▸ **TASK TO CARRY OUT**
The answer is to be the lines of the material from its start through the line containing "Keyframer flexes some", each copied exactly; no pictures.

▸ **RECORDED DATA**
═══

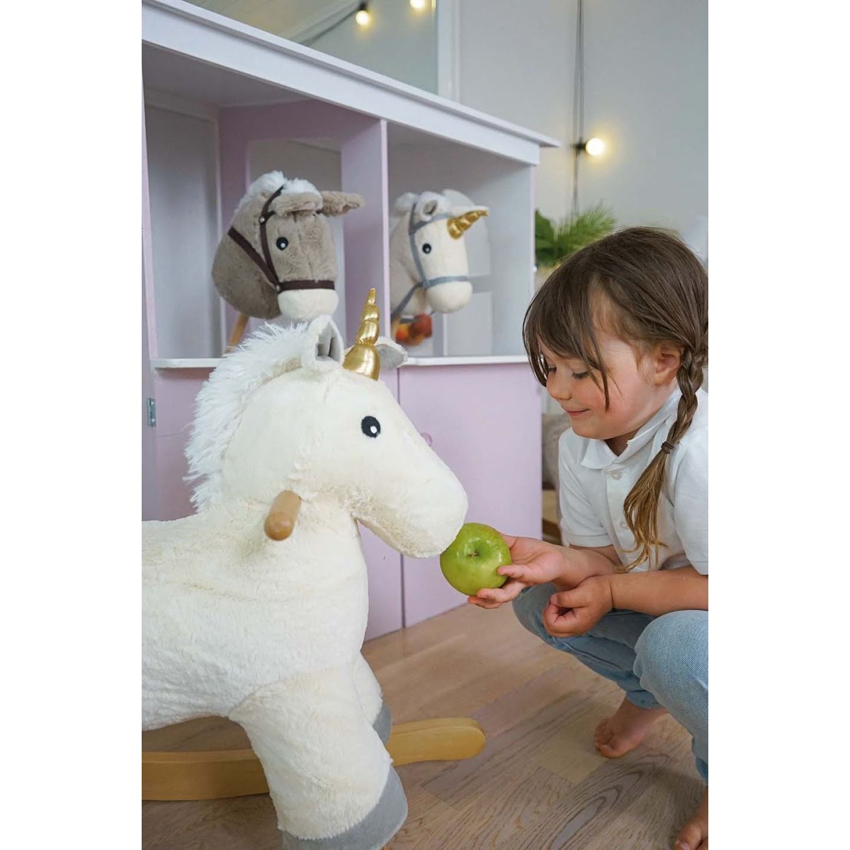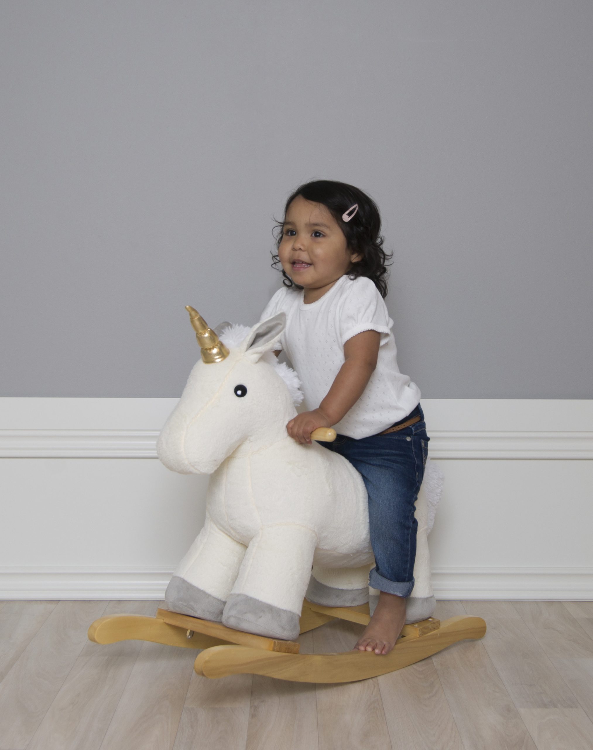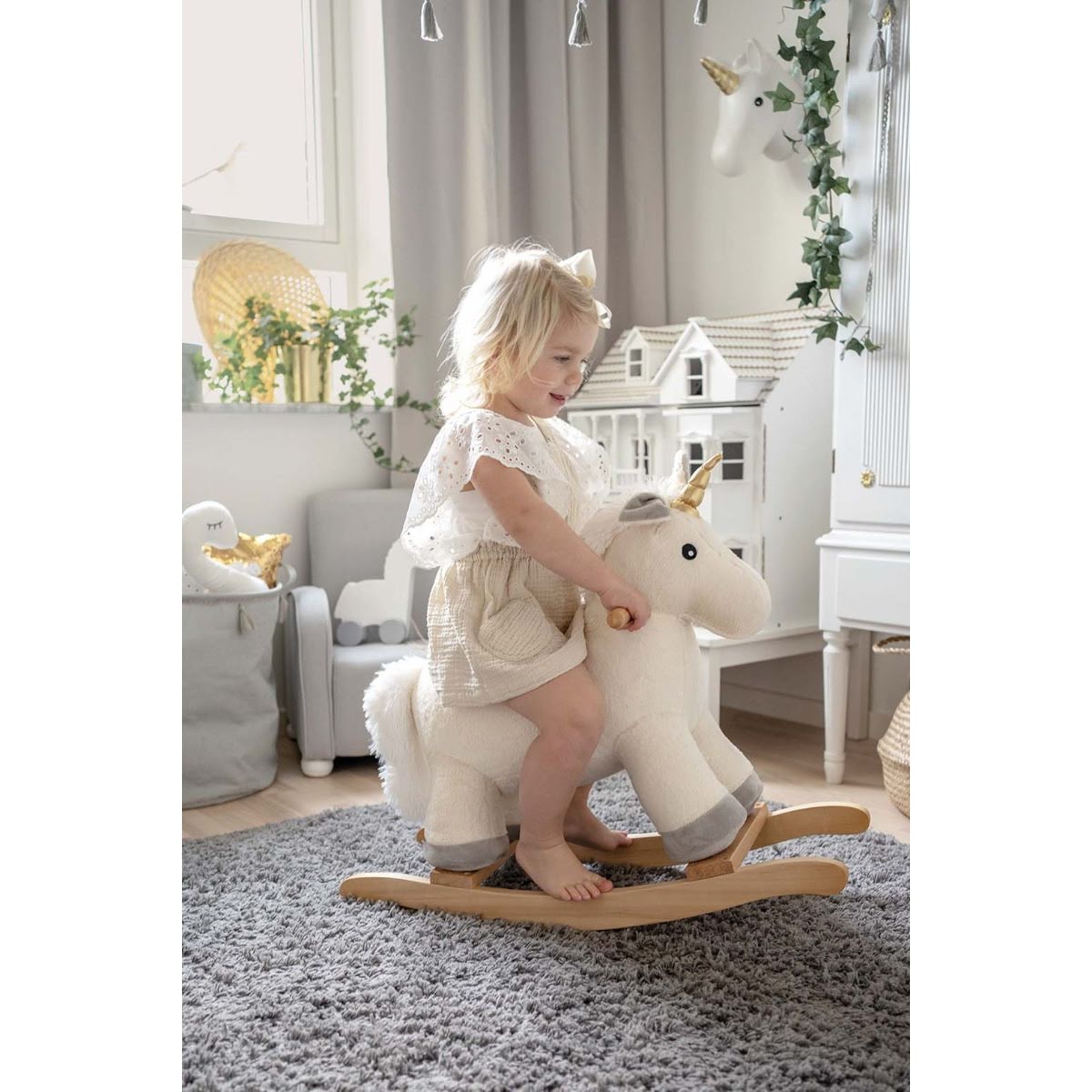 Descrizione Simpatico animale a dondolo a forma di unicorno. Parti per avventure emozionanti con il tuo nuovo amico. L’unicorno è morbido e comodo su cui sedersi e ha due impugnature facili da impugnare. Perfetto come regalo di battesimo. Particolari Corno oscillante con cui tuo figlio può giocare, cavalcare e armeggiare. Scivoli antiribaltamento in legno. Peso massimo 30 kg Colore: Bianco Età: Da 1 anno Materiale: Legno, peluche Confezione: 55 x 28 x 48 cm Misurare: 67 x 27 x 60 cm EAN: 7332599140502
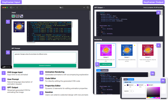 Keyframer flexes some serious muscle in the versatility department. Whether you want subtle tweaks or a complete overhaul of your animation, it’s got you covered with its different editor types. The beauty of it all? You just keep on building with each prompt or start fresh based on your last masterpiece.
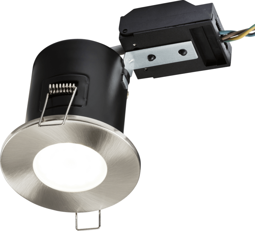 Fixed Fire-Rated Downlight with Brushed Chrome Bezel. A great range with fast-fix installation, push-fit terminals and loop in/ loop out. LED/ halogen compatible and IC rated when used with a max. 6W LED lamp.

═══

▸ **TASK RESPONSE**
 Descrizione Simpatico animale a dondolo a forma di unicorno. Parti per avventure emozionanti con il tuo nuovo amico. L’unicorno è morbido e comodo su cui sedersi e ha due impugnature facili da impugnare. Perfetto come regalo di battesimo. Particolari Corno oscillante con cui tuo figlio può giocare, cavalcare e armeggiare. Scivoli antiribaltamento in legno. Peso massimo 30 kg Colore: Bianco Età: Da 1 anno Materiale: Legno, peluche Confezione: 55 x 28 x 48 cm Misurare: 67 x 27 x 60 cm EAN: 7332599140502
 Keyframer flexes some serious muscle in the versatility department. Whether you want subtle tweaks or a complete overhaul of your animation, it’s got you covered with its different editor types. The beauty of it all? You just keep on building with each prompt or start fresh based on your last masterpiece.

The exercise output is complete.